Disclosure: This post contains affiliate links. If you book through our links, we may earn a small commission at no extra cost to you. Thanks for supporting Faceted Travel!
Table of Contents
- What Points and Miles Actually Are
- The Single Biggest Source: Credit Card Sign-Up Bonuses
- How to Choose Your First Travel Card
- Earning Points Without Overspending
- How to Actually Redeem Points for Flights
- A Real Example of How It Works
- Common Mistakes to Avoid
- Is This Worth It for You?
- A Quick Word on Annual Fees
- Frequently Asked Questions About Points and Miles
A few years ago we flew to Hawaii, both of us, round trip, for about 11 dollars each in taxes. The flights would have cost well over 1,000 dollars in cash. We did not win a contest or know someone at the airline. We just used points and miles, the same system millions of travelers use to fly for a tiny fraction of the sticker price.
We are Todd and Kimberly, and points and miles have quietly funded a huge share of our travels. It sounds complicated and a little too good to be true, but the core ideas are simpler than the blogs make them look. In this guide we break down exactly how to start earning and using points for nearly free flights, in plain English, without the overwhelming jargon.
What Points and Miles Actually Are
Let us clear up the basic vocabulary first, because the lingo trips people up.
“Miles” and “points” are loyalty currencies. Airlines and hotels give them to you for flying or staying with them, and credit card companies give them to you for spending. You then redeem them for travel, most valuably for flights.
There are two big families. Airline miles live in a specific airline’s frequent flyer program (think United MileagePlus or Delta SkyMiles). Transferable points live with a credit card program (think Chase Ultimate Rewards or American Express Membership Rewards) and can be moved to many different airline and hotel partners. Transferable points are the most flexible and, in our experience, the most valuable for beginners to focus on.
The key mental shift is this: you are not saving up points one flight at a time. The fastest way to earn enough for a free flight is through credit card sign-up bonuses, not through flying.
The Single Biggest Source: Credit Card Sign-Up Bonuses
Here is the secret that powers almost everyone’s free flights.

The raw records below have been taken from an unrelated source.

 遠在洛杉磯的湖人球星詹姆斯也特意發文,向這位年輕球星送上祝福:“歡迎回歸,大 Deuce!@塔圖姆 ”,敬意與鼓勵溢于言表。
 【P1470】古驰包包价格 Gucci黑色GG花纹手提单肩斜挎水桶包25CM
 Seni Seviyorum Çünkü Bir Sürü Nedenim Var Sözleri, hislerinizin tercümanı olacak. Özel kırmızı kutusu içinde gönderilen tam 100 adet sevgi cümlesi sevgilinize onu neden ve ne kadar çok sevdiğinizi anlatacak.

A single travel credit card sign-up bonus can be worth 50,000 to 100,000 points, often enough for one or two round-trip flights on its own.

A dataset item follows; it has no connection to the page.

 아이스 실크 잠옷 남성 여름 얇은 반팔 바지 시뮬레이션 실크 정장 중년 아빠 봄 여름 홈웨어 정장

These bonuses work like this: you open a card, spend a set amount within the first few months (the “minimum spend”), and earn a big lump of points. Compare that to earning maybe one or two points per dollar on everyday spending, and you can see why the bonuses do the heavy lifting. Earning 60,000 points through normal spending might take a year or more. A single bonus can hand it to you in three months.
We are careful and strategic about this, and you should be too. This entire strategy only works if you pay your balance in full every single month. Interest charges and late fees will instantly erase any value you earn, and then some. If you carry a balance or are working to pay down debt, this is not the right strategy for you right now, full stop.

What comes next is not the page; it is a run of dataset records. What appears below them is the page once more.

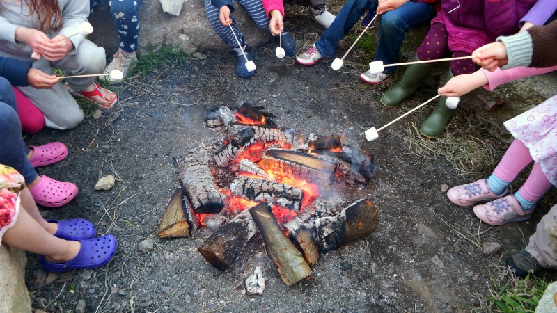 Every Wednesday night mid-July through August from 6.30pm - James and Pete light the fire and barbecues and you can sit and relax with the family around the fire and listen to local Shanty Band Du Hag Owr. Campers and children are welcome to join in the entertainment with a song or a joke or two. It's a lovely family evening. usually rounded off with some marshmallow toasting over the embers of the fire.
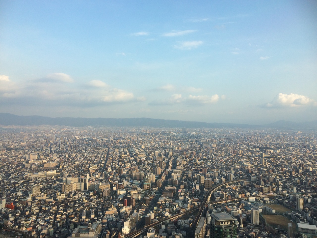 アベノハルカスの展望台60階に行ってみました。エレベーターでシュッといけます。星空を登る演出が楽しくて子供たちが喜んでいました。地上300メートルはとても高く環状線の線路がぐるっと見えます。梅田周辺には高いビルがちらほらありましたが他は低いのも印象的でした。
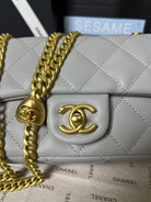 25C Mini Flap 19cm Grey Lambskin Gold Heart Hardware
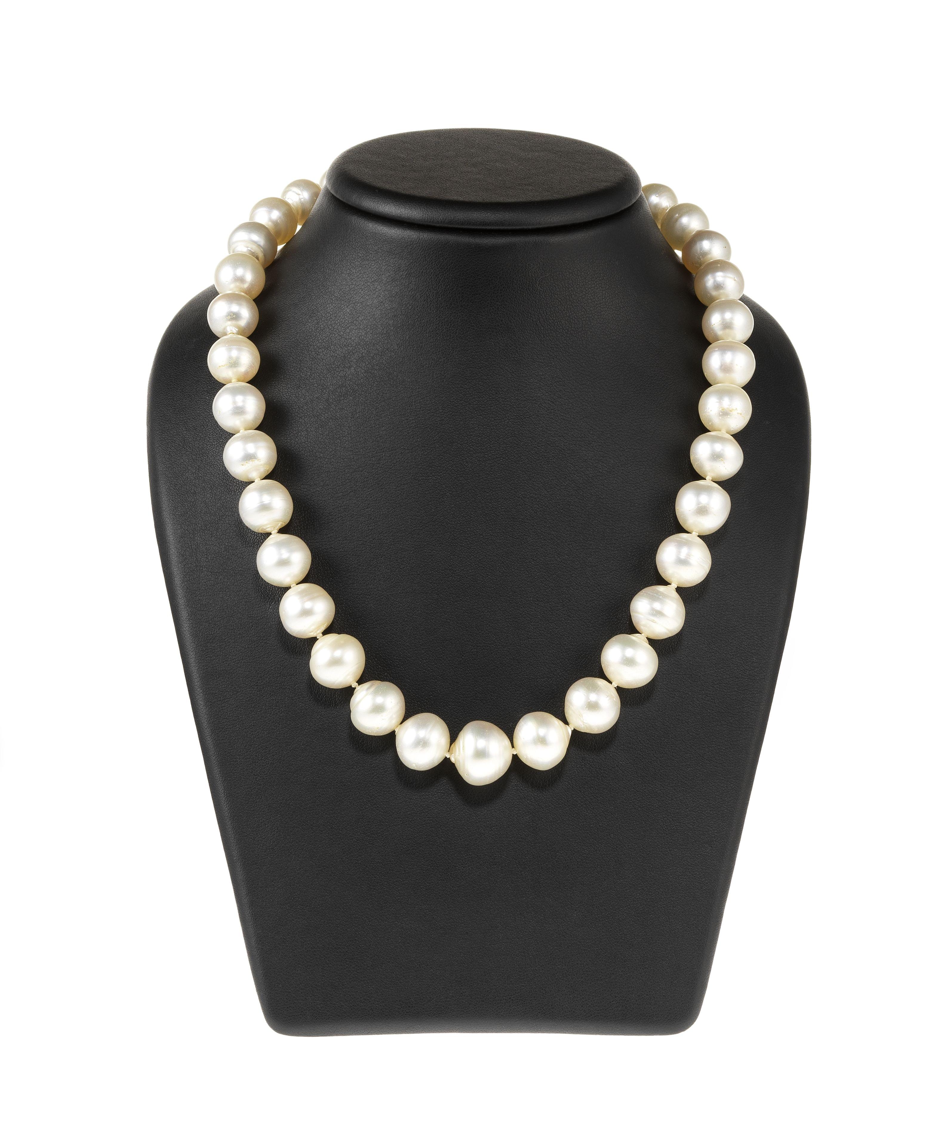 4125. Collier de perles baroques des Mers du sud en légère chute (D env. entre 12,5 et 15,5 mm) terminé par un fermoir boule pavé de diamants

We go deep on which specific cards we carry and why in our guide to the best travel credit cards for beginners. Start there to pick your first card.
How to Choose Your First Travel Card
For your first card, keep it simple. We suggest a card that earns transferable points, because that flexibility is forgiving while you learn. Cards in the Chase Ultimate Rewards or Amex Membership Rewards ecosystems are popular starting points for exactly this reason.

Look at four things when comparing cards: the size of the sign-up bonus, the minimum spend required to earn it, the annual fee, and the travel perks (things like trip protection, lounge access, or credits). A reasonable minimum spend you can hit with normal expenses, without buying things you do not need, is the goal.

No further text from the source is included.